Venne costruito l’1 Giugno 1378.La Credenza di Lanzo,presieduta dal castellano Aresmino Provana,deliberava la sua costruzione.Il ponte,nella sua indubbia utilità,non fu una spesa da poco: costò ben 1400 fiorini e fu imposto un dazio sul vino per dieci anni.

 

La Leggenda 

L’audace costruzione di questa antica e meravigliosa struttura architettonica ispirò la fantasia popolare. Si racconta infatti che ,dopo svariati tentativi falliti,i lanzesi chiesero aiuto proprio al Diavolo per erigere il ponte. Strinsero,dunque,un patto col demonio.In cambio,però,egli chiese l’anima del primo essere umano che passasse sull’impalcatura. Il patto fu fatto e il ponte non crollò.Ma gli abitanti decisero erroneamente di ingannare il diavolo: al posto di un uomo,fecero trovare un sacco,forse un cane,forse una forma di formaggio. Questo tentato inganno fece adirare il diavolo che raggiunse Lanzo e passo il ponte con un solo passo. Si può infatti notare ”l’orma del diavolo” di fronte alla cappella di San Rocco. Le sue zampe,guidate dalla rabbia,vennero sbattute violentemente sulle rocce formando  le caratteristiche “Marmitte dei Giganti”.L’arco costruito sul ponte viene visto come un portone atto a  tenere il demone furioso lontano dal borgo.

 

Il ponte,fra i più beli d’Italia,offre una panoramica suggestiva sui monti circostanti e vede una grandissima affluenza di visitatori e turisti.
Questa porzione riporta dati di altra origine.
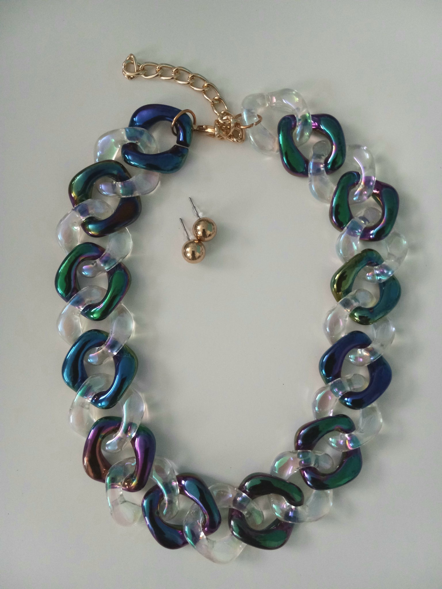 Collar en combinación de tornasol y clear. Es perfecto para combinar con tu ropa casual. Trae pantallas pequeñas color oro.

Nell’Ottocento fu cantato dal poeta e politico  Giovanni Prati e dal drammaturgo Angelo Brofferio, nel Novecento,invece, dal poeta torinese Nino Costa. 

Nelle immagini presenti,scattate dal fotografo Davide Boccardo ,è possibile vedere il panorama meraviglioso . Nonostante la leggenda, è  un luogo paradossalmente paradisiaco dove poter fare un pic nic e passare il tempo libero immersi nel verde.